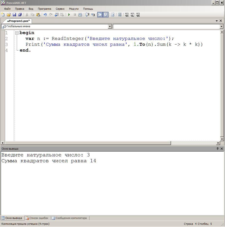 Print('Сумма квадратов чисел равна', 1.To(n).Sum(k -> k * k))
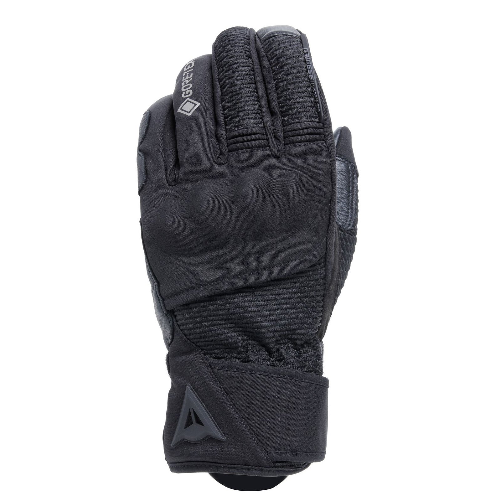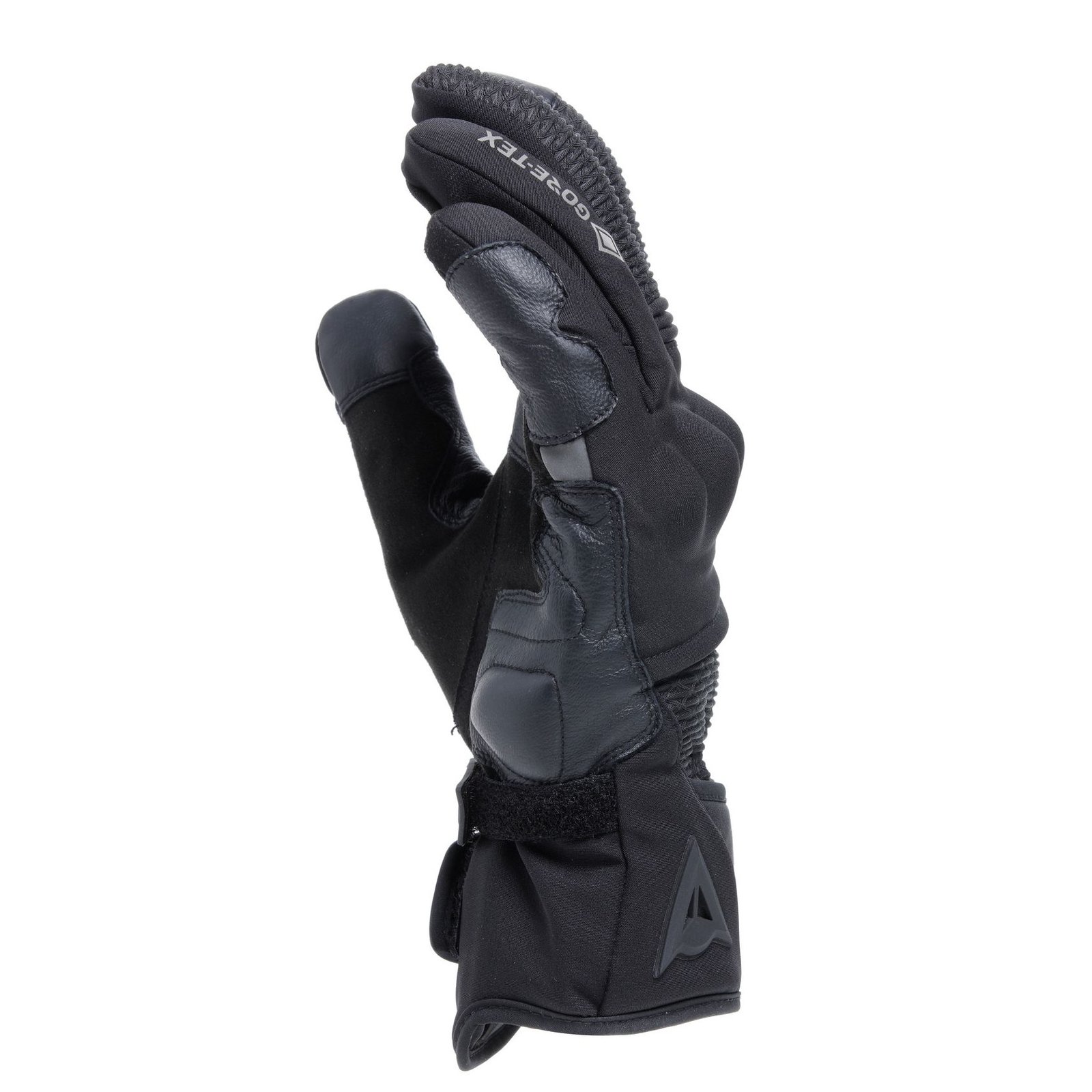 En termes de finitions, on est dans ce qu’on attend d’un gant Dainese dans cette gamme de prix : coutures régulières, matériaux cohérents, pas de fil qui dépasse ou de zone douteuse au premier coup d’œil. La sangle de serrage au poignet est bien intégrée, avec une patte facile à attraper même avec l’autre gant déjà enfilé. L’essuie‑glace sur l’index est discret, mais suffisamment marqué pour être utilisable sous la pluie, ce qui n’est pas toujours le cas sur des gants plus stylés que pratiques. On remarque aussi le léger pré‑courbage des doigts, visible même posé à plat : un bon signe pour le confort au guidon. Bref, ce n’est pas le gant le plus spectaculaire de la gamme Dainese, mais côté design fonctionnel, il coche les bonnes cases.
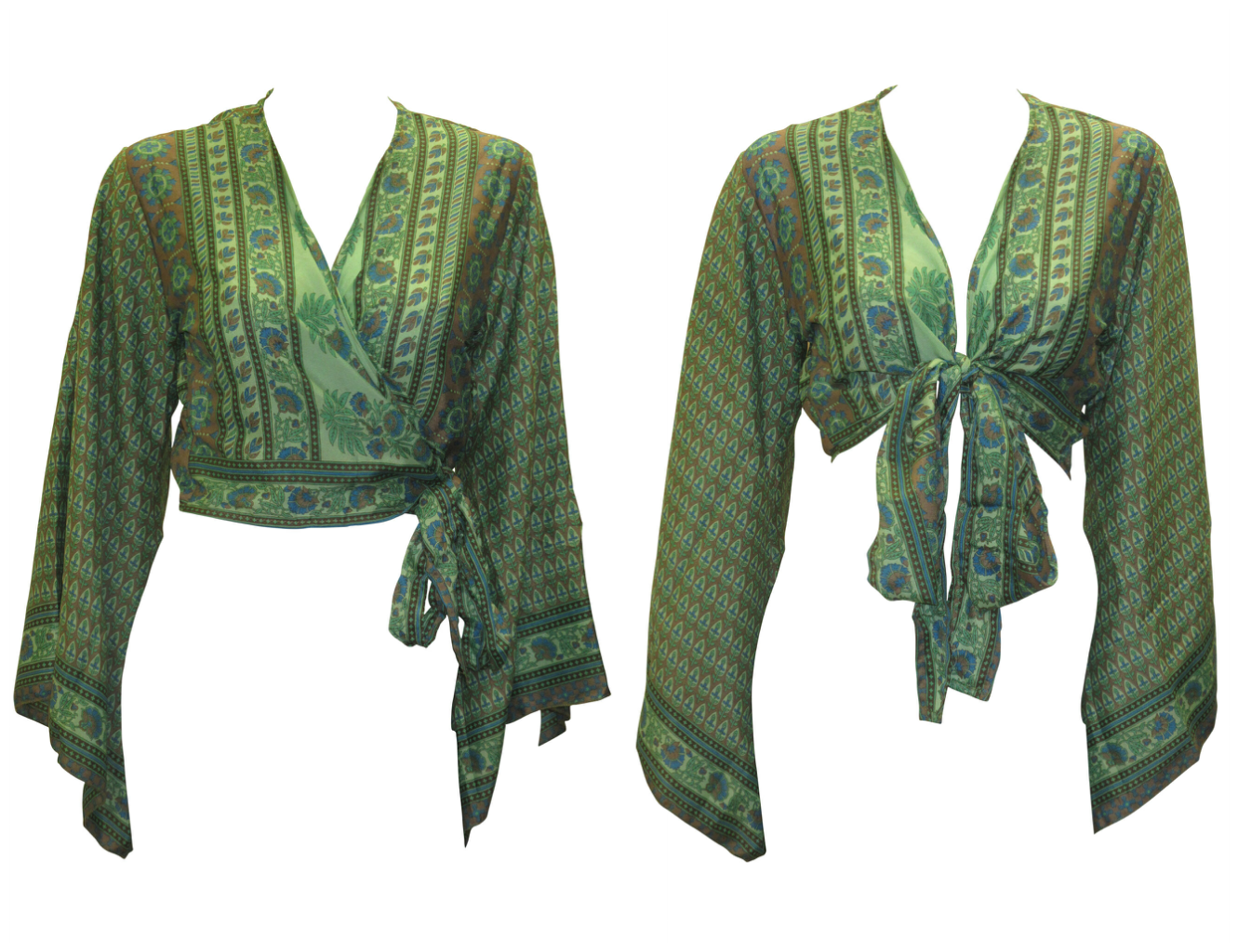 RETRO BELL SLEEVES FRONT KNOT CROP TOP WRAP BLOUSE FREE SIZE UP TO 16 P77
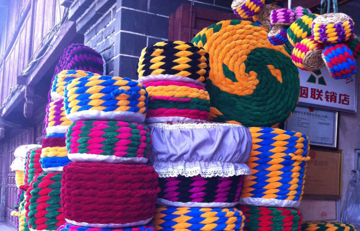 毛制品,包括纺织品和擀制品。纺织品有“平板”和“人”字形两种纺织方法。“平板”即用经、纬线交织而成。双层平板叠织即成“人”字形。织成的布料可长可短,依需要而定。宽则因受织布机限制,一般为8寸左右。布料织成后,可染成青、蓝、绿等色,也可保留本色即白色,做长衫、头帕、腰带、挎包、褡裢等,具有耐用、温暖、美观等特性。擀制品有垫毡、披毡、背毡、毡帽、毡袜等。垫毡,状为长方形,根据需要,擀制大小。旧时,因白族地区不产棉花,白族大都用软毡做被子使用。垫毡具有防潮、保温性能,故使用垫毡,不易得关节炎。披毡,有男式和女式两种,形状略像梯形,上窄下宽,均用白色羊毛制成。男式上部褶折(表层黑色),毡口穿一条毛制绳索披时系结。毡腰制有一道与毡尾缘平行的线,线上每隔4寸~5寸缀一簇长约5寸的细须,每簇五条细须,用作装饰。每毡需用六七斤羊毛即可制成,女式即小披毡,无褶折,无腰道,四五斤羊毛即可制成,工序简单。披毡在白族人民的生产生活中具有多种作用,白天可作御寒、避雨和垫背,夜间可替垫毡做寝具。访亲友、找对象,可作装饰。因此,旧时成年人必备一毡。背毡,即背具,作背小孩之用,形为正方形,每毡用三四斤羊毛做原料。毡帽,即圆平顶帽,为圆筒状,外翻叠折为两层,夹层可藏钱币、烟斗、烟袋等物,深约五寸,状如钢盔,每顶用一斤左右羊毛擀制。每帽可戴几代人,表层积污垢,酷似穿山甲外壳,用之舀水,可防中毒;放入锅中煮,水可做药用。毡袜,形如无底桶,从膝至踝,穿时与鞋口相接,构成靴子,秋冬之际凉山一带白族穿之做活。擀毡的同时,又从事皮革加工,即用旧式制革方法加工畜皮制成软硬不同的成品,皮质坚硬者做鞋底,柔软者做皮衣、皮带、平袄、鞋帮。毕节小河一带的谢、龙氏至今较完整地保存着当时的制革皮灶。至明清之际,发展成为地方特产,做朝贡之物。1949年后,白族人民还普遍使用。近年,因大量引进细毛羊,土绵羊日渐减少,民间的毛制品也随之减少,白族地区的羊毛主要出售给国家作毛纺加工原料。白族民间的纺织品主要由妇女加工,毡匠则由男性充当,大多不脱离生产,仅在农闲时进行。少数毡匠具有专业性质,一年四季从事擀毡。过去,出名的毡匠是“阿武”,即白族人。民间谚语说:“擀毡的是阿武,披毡的是彝家。”
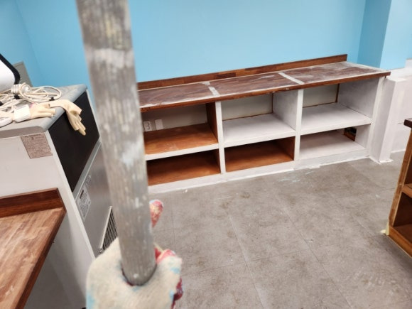 오늘은 메인홀쪽 테이블석 가벽 페인트칠과 애견카페 주방 벽체, 수납장을 연노랑으로 칠하는 부분까지 마무리 해야 합니다. 거의 쉬는시간 없이 열심히 일하고 왔네요. 먼저 애견카페 메인홀쪽부터 작업 시작합니다.
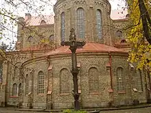 Внушительных размеров здание из жёлтого кирпича в неороманском стиле. Здание в плане формой римского креста, длиной 50 м, шириной 32 м, высотой — 23 м[1].
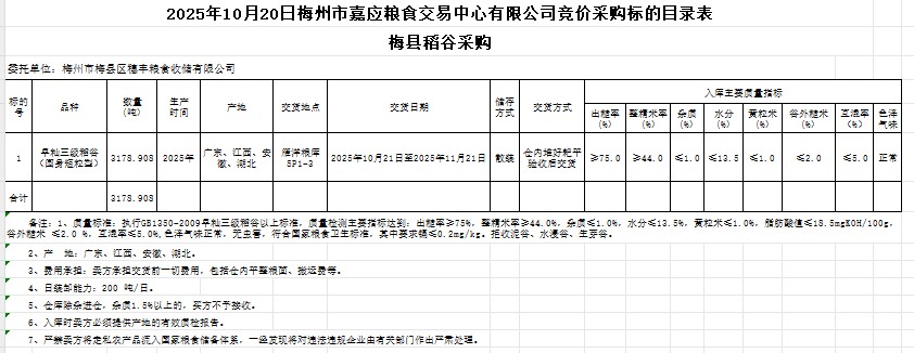 受客戶委托,梅州市嘉應糧食交易中心有限公司定于2025年10月20日(星期一)舉辦糧食競價交易會。梅州市梅縣區(qū)穗豐糧食收儲有限公司擬采購2025年產(chǎn)早秈稻谷3178.908噸。
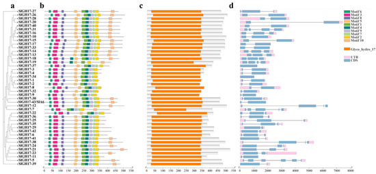 The gene structure, protein motif, and conserved protein domains of SlGH17s based on their evolutionary relationship. Note: (a) Evolutionary analysis of SlGH17s; (b) conserved motif visualization of SlGH17s; (c) conserved domain visualization; (d) gene structure visualization. CDS: coding sequences; UTR: untranslated regions.
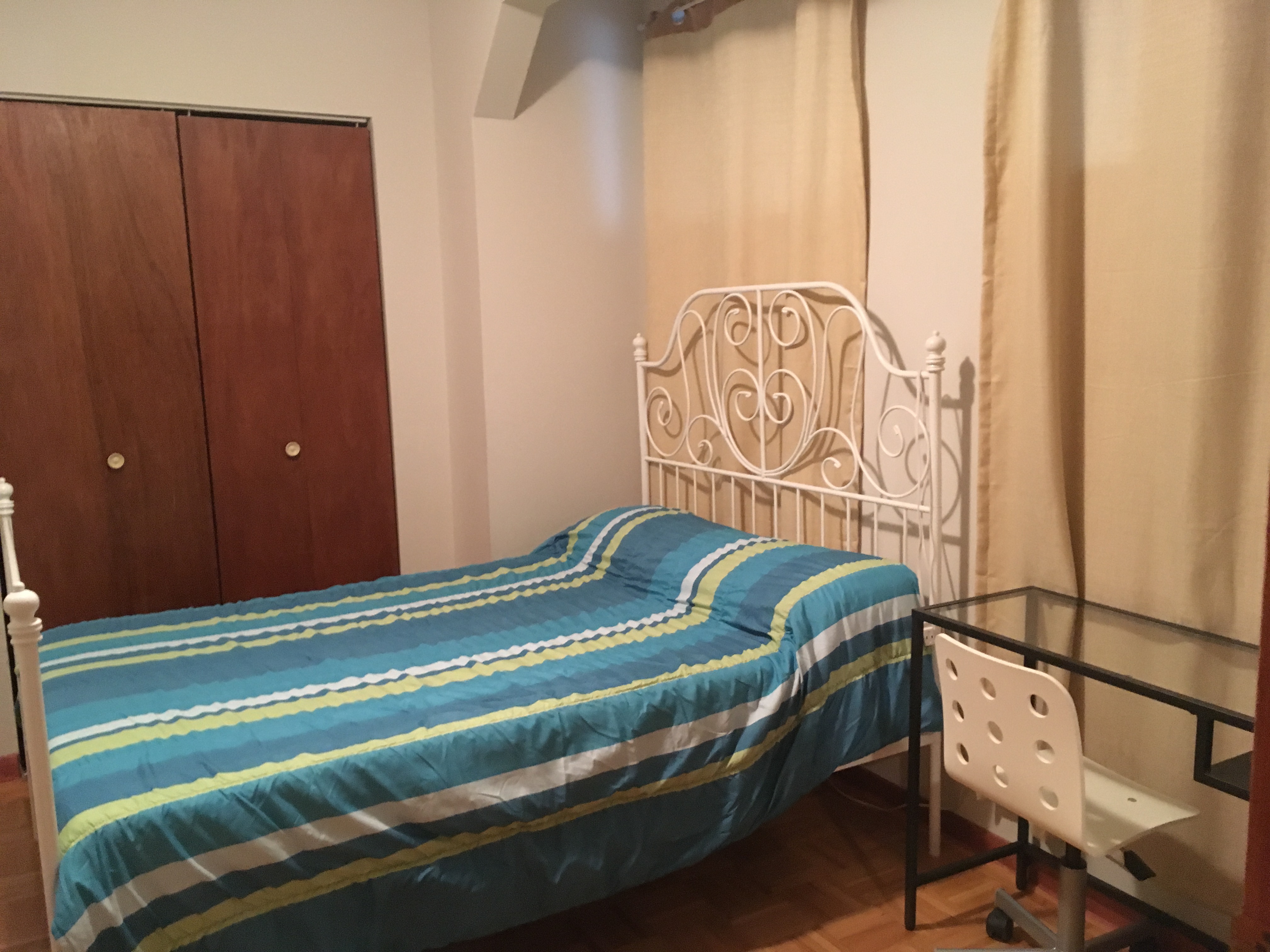 The apartment has 4 bedrooms; 1 of them located in the basement, a cosy living room, a fully equipped kitchen, 1 bathroom on the main floor and half bathroom in the basement.
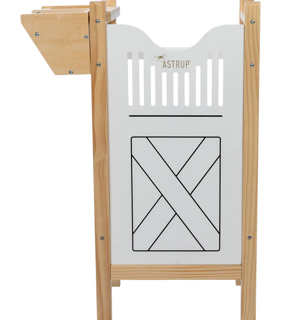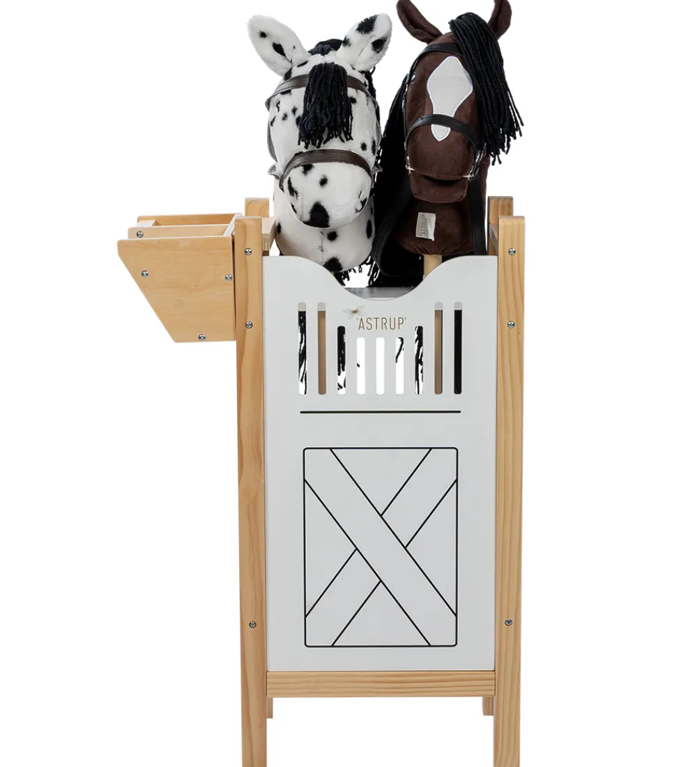 by ASTRUP hesteboksen har en robust konstruktion og passer til alle kæpheste, uanset længden på deres pind. På den ene side er der et udhæng til foder til hestene. Hesteboksen er et godt hjem til kæphestene, hvor de kan stå og spise og blive friseret.
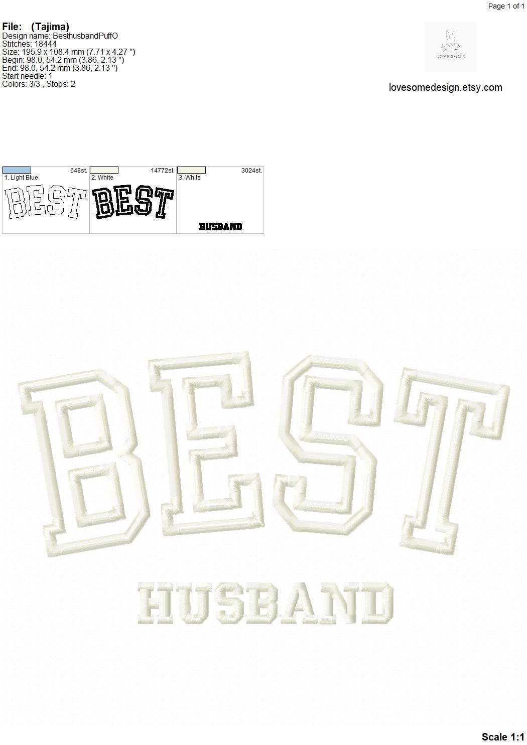 This listing features a machine embroidery design "BEST HUSBAND" for puff stitch embroidery in 8inch size.
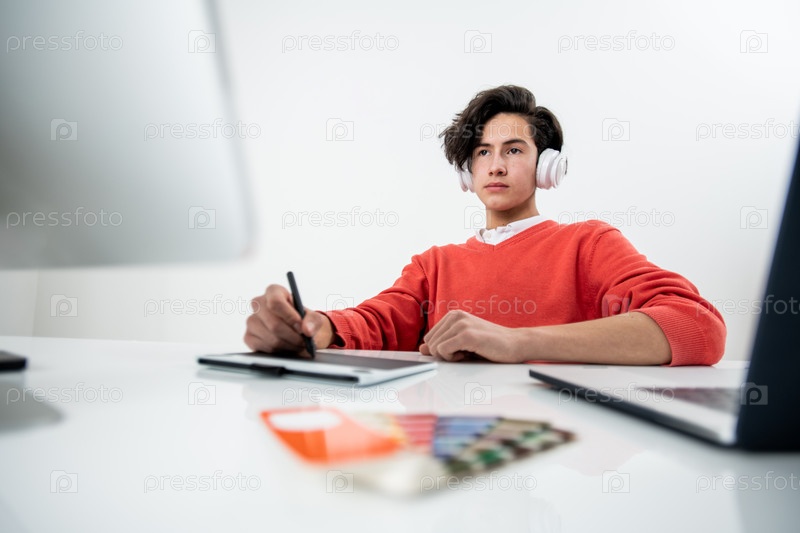 Молодой серьезный веб-дизайнер в наушниках, выполняющий работу по ретушированию на столе
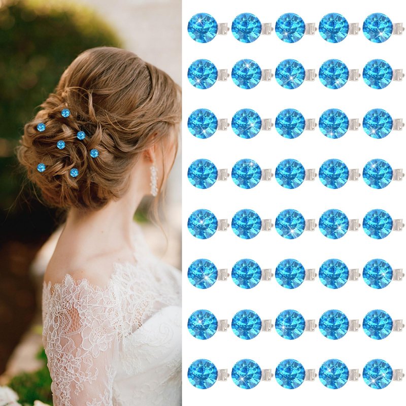 YISSION 40Pcs Mini Rhinestone Hair Clips Sparkly Crystal Hair Pins Small Decorative Hair Clips Wedding Hair Barrettes Blue Hair Clips Bridal Hair Accessories for Girls Women
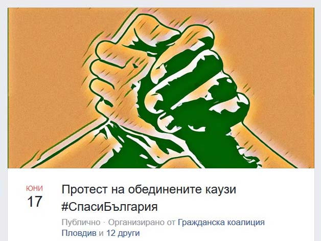 „Общности, създадени в социалната мрежа, по повод различни казуси, организираме на 17 юни, World Day to Combat Desertification and Drought, първия общ протест на обединените каузи #СпасиБългария. Обединяваме се, за да докажем, че в България има гражданско общество и то не е безразлично към случващото се. Знаем, че „една птичка пролет не прави“ и само сплотени, като Кубратовия сноп пръчки, сме силни. С раково образувание не можеш да се бориш „на парче“, лекувайки симптомите, а се отстранява целия тумор. И единението ни не е защото на фасадата на Народното събрание стои паметната фраза „Съединението прави силата“, опорочена от ползването й като мото на българското европредседателство, а защото вярваме в народната мъдрост „Сговорна дружина, планина повдига“. Ако и ти вярваш в нея, ела на протеста! Не за да се молим за нещо на това правителство и парламента му, а за да изискаме и да наложим волята си над тези, на които плащаме заплатите. Нека потърсим отговорност заедно!

§

## Required work:
All of the entries, apart from the pictures, must be returned exactly.

## Reply to the task:
 Print('Сумма квадратов чисел равна', 1.To(n).Sum(k -> k * k))
 En termes de finitions, on est dans ce qu’on attend d’un gant Dainese dans cette gamme de prix : coutures régulières, matériaux cohérents, pas de fil qui dépasse ou de zone douteuse au premier coup d’œil. La sangle de serrage au poignet est bien intégrée, avec une patte facile à attraper même avec l’autre gant déjà enfilé. L’essuie‑glace sur l’index est discret, mais suffisamment marqué pour être utilisable sous la pluie, ce qui n’est pas toujours le cas sur des gants plus stylés que pratiques. On remarque aussi le léger pré‑courbage des doigts, visible même posé à plat : un bon signe pour le confort au guidon. Bref, ce n’est pas le gant le plus spectaculaire de la gamme Dainese, mais côté design fonctionnel, il coche les bonnes cases.
 RETRO BELL SLEEVES FRONT KNOT CROP TOP WRAP BLOUSE FREE SIZE UP TO 16 P77
 毛制品,包括纺织品和擀制品。纺织品有“平板”和“人”字形两种纺织方法。“平板”即用经、纬线交织而成。双层平板叠织即成“人”字形。织成的布料可长可短,依需要而定。宽则因受织布机限制,一般为8寸左右。布料织成后,可染成青、蓝、绿等色,也可保留本色即白色,做长衫、头帕、腰带、挎包、褡裢等,具有耐用、温暖、美观等特性。擀制品有垫毡、披毡、背毡、毡帽、毡袜等。垫毡,状为长方形,根据需要,擀制大小。旧时,因白族地区不产棉花,白族大都用软毡做被子使用。垫毡具有防潮、保温性能,故使用垫毡,不易得关节炎。披毡,有男式和女式两种,形状略像梯形,上窄下宽,均用白色羊毛制成。男式上部褶折(表层黑色),毡口穿一条毛制绳索披时系结。毡腰制有一道与毡尾缘平行的线,线上每隔4寸~5寸缀一簇长约5寸的细须,每簇五条细须,用作装饰。每毡需用六七斤羊毛即可制成,女式即小披毡,无褶折,无腰道,四五斤羊毛即可制成,工序简单。披毡在白族人民的生产生活中具有多种作用,白天可作御寒、避雨和垫背,夜间可替垫毡做寝具。访亲友、找对象,可作装饰。因此,旧时成年人必备一毡。背毡,即背具,作背小孩之用,形为正方形,每毡用三四斤羊毛做原料。毡帽,即圆平顶帽,为圆筒状,外翻叠折为两层,夹层可藏钱币、烟斗、烟袋等物,深约五寸,状如钢盔,每顶用一斤左右羊毛擀制。每帽可戴几代人,表层积污垢,酷似穿山甲外壳,用之舀水,可防中毒;放入锅中煮,水可做药用。毡袜,形如无底桶,从膝至踝,穿时与鞋口相接,构成靴子,秋冬之际凉山一带白族穿之做活。擀毡的同时,又从事皮革加工,即用旧式制革方法加工畜皮制成软硬不同的成品,皮质坚硬者做鞋底,柔软者做皮衣、皮带、平袄、鞋帮。毕节小河一带的谢、龙氏至今较完整地保存着当时的制革皮灶。至明清之际,发展成为地方特产,做朝贡之物。1949年后,白族人民还普遍使用。近年,因大量引进细毛羊,土绵羊日渐减少,民间的毛制品也随之减少,白族地区的羊毛主要出售给国家作毛纺加工原料。白族民间的纺织品主要由妇女加工,毡匠则由男性充当,大多不脱离生产,仅在农闲时进行。少数毡匠具有专业性质,一年四季从事擀毡。过去,出名的毡匠是“阿武”,即白族人。民间谚语说:“擀毡的是阿武,披毡的是彝家。”
 오늘은 메인홀쪽 테이블석 가벽 페인트칠과 애견카페 주방 벽체, 수납장을 연노랑으로 칠하는 부분까지 마무리 해야 합니다. 거의 쉬는시간 없이 열심히 일하고 왔네요. 먼저 애견카페 메인홀쪽부터 작업 시작합니다.
 Внушительных размеров здание из жёлтого кирпича в неороманском стиле. Здание в плане формой римского креста, длиной 50 м, шириной 32 м, высотой — 23 м[1].
 受客戶委托,梅州市嘉應糧食交易中心有限公司定于2025年10月20日(星期一)舉辦糧食競價交易會。梅州市梅縣區(qū)穗豐糧食收儲有限公司擬采購2025年產(chǎn)早秈稻谷3178.908噸。
 The gene structure, protein motif, and conserved protein domains of SlGH17s based on their evolutionary relationship. Note: (a) Evolutionary analysis of SlGH17s; (b) conserved motif visualization of SlGH17s; (c) conserved domain visualization; (d) gene structure visualization. CDS: coding sequences; UTR: untranslated regions.
 The apartment has 4 bedrooms; 1 of them located in the basement, a cosy living room, a fully equipped kitchen, 1 bathroom on the main floor and half bathroom in the basement.
 by ASTRUP hesteboksen har en robust konstruktion og passer til alle kæpheste, uanset længden på deres pind. På den ene side er der et udhæng til foder til hestene. Hesteboksen er et godt hjem til kæphestene, hvor de kan stå og spise og blive friseret.
 This listing features a machine embroidery design "BEST HUSBAND" for puff stitch embroidery in 8inch size.
 Молодой серьезный веб-дизайнер в наушниках, выполняющий работу по ретушированию на столе
 YISSION 40Pcs Mini Rhinestone Hair Clips Sparkly Crystal Hair Pins Small Decorative Hair Clips Wedding Hair Barrettes Blue Hair Clips Bridal Hair Accessories for Girls Women
 „Общности, създадени в социалната мрежа, по повод различни казуси, организираме на 17 юни, World Day to Combat Desertification and Drought, първия общ протест на обединените каузи #СпасиБългария. Обединяваме се, за да докажем, че в България има гражданско общество и то не е безразлично към случващото се. Знаем, че „една птичка пролет не прави“ и само сплотени, като Кубратовия сноп пръчки, сме силни. С раково образувание не можеш да се бориш „на парче“, лекувайки симптомите, а се отстранява целия тумор. И единението ни не е защото на фасадата на Народното събрание стои паметната фраза „Съединението прави силата“, опорочена от ползването й като мото на българското европредседателство, а защото вярваме в народната мъдрост „Сговорна дружина, планина повдига“. Ако и ти вярваш в нея, ела на протеста! Не за да се молим за нещо на това правителство и парламента му, а за да изискаме и да наложим волята си над тези, на които плащаме заплатите. Нека потърсим отговорност заедно!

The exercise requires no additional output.